Zach deu uma risada abafada.
“Supõe-se que Panaxeth seja um moldador de carne, em vez de um metamorfo no sentido moderno”, continuou Zorian. “Em teoria, deveria ser possível curar doenças, regredir a idade das pessoas e remodelar seus corpos em alguma forma superior. É só uma questão de se eles conseguem controlá-lo bem o suficiente.”
“Conseguem?” perguntou Zach, curioso. “Controlá-lo, digo”
“Não há como saber, na verdade”, admitiu Zorian. “Mas duvido. A ideia é restringir Panaxeth com um feitiço de aprisionamento conectado à sua essência e então subjugar sua mente. Até os cultistas admitem que a natureza mutável de Panaxeth significa que o feitiço de contenção não permanecerá eficaz por muito tempo. O que significa que eles precisam escravizá-lo em quinze minutos ou menos.”
“E você acha que eles não conseguem trabalhar tão rápido assim”, concluiu Zach.
“Acho que seria impossível mesmo se eles tivessem todo o tempo do mundo para fazer sua magia”, disse Zorian. “Deixe-me colocar desta forma. Quando invadi a mente daquele mago no final, encontrei defesas mentais poderosas e sofisticadas nele. Melhores do que eu já tinha visto em um mago humano. Levei apenas alguns minutos para desmantelá-las e começar a vasculhar suas memórias. Na época, pensei que as proteções estavam lá para compensar a fraqueza conhecida do escudo que protegia o terreno do ritual. Mas isso era apenas uma preocupação secundária — o verdadeiro propósito deles era repelir qualquer contra-ataque mental do primordial enquanto tentavam dobrá-lo à sua vontade.”

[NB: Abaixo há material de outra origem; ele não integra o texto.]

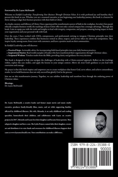 oreword by Dr. Layne McDonald Welcome to Faithful Leadership: Transforming Your Business Through Christian Values. It is with profound joy and humility that I present this book to you. Whether you are a seasoned executive or just beginning your leadership journey, this book is a beacon for those seeking to align their business practices with their faith in Christ. As a leader, mentor, and follower of Christ, I have experienced the transformative power of faith in the workplace. In today's fast-paced, ethically complex business world, the teachings of Jesus Christ offer not only a moral compass but a strategic advantage. Through this book, I aim to equip you with the tools and insights to lead with integrity, compassion, and purpose, ensuring lasting impact in both your organization and your personal walk with God. Over the years, I have worked with CEOs, entrepreneurs, and professionals striving to integrate Christian principles into their leadership. These experiences confirm that businesses rooted in ethics, respect, and service often rise above the competition. They inspire loyalty among teams, foster trust with customers, and leave a positive mark on their communities. In Faithful Leadership, you will discover:Practical Steps: Actionable advice for incorporating faith-based principles into your daily business practices. Inspirational Stories: Real-world examples of leaders who have transformed their organizations through Christian values. Scriptural Wisdom: Timeless truths from the Bible, providing clarity and guidance for every decision. This book is designed to help you navigate the challenges of leadership with a Christ-centered approach. Reflect on the teachings within, explore the case studies, and apply the lessons to your unique context. Above all, trust God's guidance as you lead with conviction and courage. My prayer is that this book inspires and empowers you to create workplaces that honor God, serve others, and achieve extraordinary results. Let us build businesses that not only succeed but glorify God in the process. Join me on this transformative journey. Together, we can redefine leadership and transform lives through the enduring power of Christian values. Blessings, Dr. Layne McDonald

“Ah, entendi”, disse Zach. “Você está pensando que, se você conseguiu atravessar os escudos em poucos minutos, o primordial também conseguiria.”

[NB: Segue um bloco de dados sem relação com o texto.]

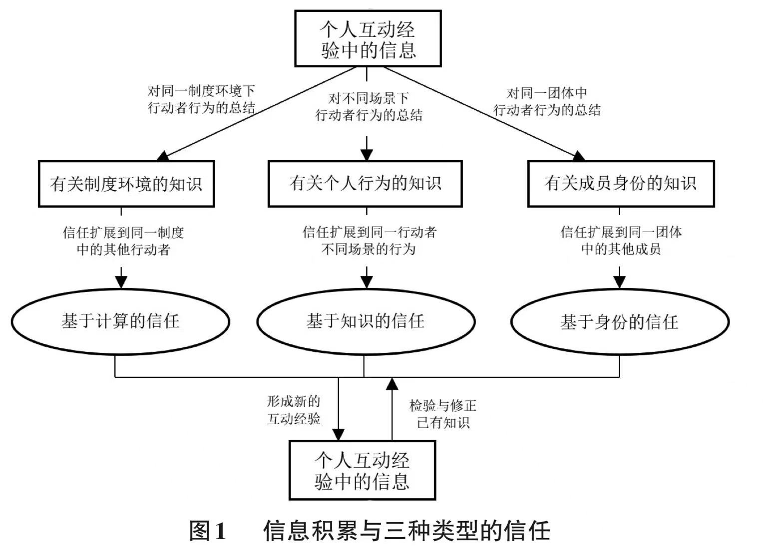 不同类别的信任不仅仅源于日常生活的经验,同时也不断形成新的经验。正如邓公所言,“实践是检验真理的唯一标准”,这些新的经验成为人们检验修正其对制度环境、个人品性、成员身份的认知的重要依据。信息积累与不同类别信任之间的关系可见图1。

“É”, admitiu Zorian. “É possível, suponho, que eu esteja superestimando Panaxeth e que ele não tenha meios de contra-atacar as mentes dos cultistas tentando escravizá-lo. Mas os primordiais supostamente são esses seres ancestrais que faziam até os deuses hesitarem, e os poderes de Panaxeth giram em torno da manipulação de carne viva, incluindo o sistema nervoso. No mínimo, espero que Panaxeth tenha defesas mentais incríveis à disposição. Aposto que ele poderia resistir a ataques mentais de qualquer pessoa que não fosse um mestre telepata com facilidade.”
Zach e Zorian continuaram conversando por mais meia hora, discutindo os vários fatos e segredos que Zorian havia descoberto com sua sondagem mental no final do reinício anterior. Eventualmente, porém, a conversa começou a esfriar.
“Hã”, disse Zach, pensativo. “E eu aqui pensando que o motivo de Quatach-Ichl não nos seguir era porque Alanic o mantinha ocupado demais para isso.”
“De certa forma, isso é verdade”, disse Zorian. Se Quatach-Ichl tivesse abandonado a batalha para nos perseguir, seus soldados certamente teriam perecido sem o seu apoio… e tenho a sensação de que ele se importa muito mais com os magos de Ibasan do que com os cultistas de Cyoria. Dessa forma, Alanic e o restante dos magos que vieram conosco o mantiveram ocupado. Ainda assim, se Quatach-Ichl achasse que havia uma boa chance de o ritual fracassar sem o seu apoio, provavelmente teria nos perseguido de qualquer maneira. Felizmente para nós, a cooperação entre ele e a liderança do culto não é exatamente um mar de rosas. Os líderes do culto nunca lhe disseram que estariam praticamente indefesos quando o ritual começasse, o que lhe deu uma imagem distorcida do tipo de forças que haviam reunido contra nós. Ele não fazia ideia de que os sete magos mais poderosos daquela plataforma não tinham como contribuir para a defesa.
“Eles temiam que Quatach-Ichl se aproveitasse da fraqueza deles para matá-los”, supôs Zach.
“Sim, exatamente”, assentiu Zorian. “Principalmente porque eles não tinham certeza absoluta se Quatach-Ichl sabia ou não qual era o verdadeiro objetivo do ritual. Ele não deveria saber, mas arquimagos antigos e poderosos como ele são difíceis de enganar e manter no escuro sobre as coisas. E se ele soubesse que eles estavam tentando tomar o controle do primordial, não seria particularmente estranho que tentasse sabotá-los assim que o libertassem de sua prisão.”
Por cerca de um minuto, ambos ficaram em silêncio. Zorian porque não tinha mais nada de importante a dizer, e Zach porque parecia estar considerando algo.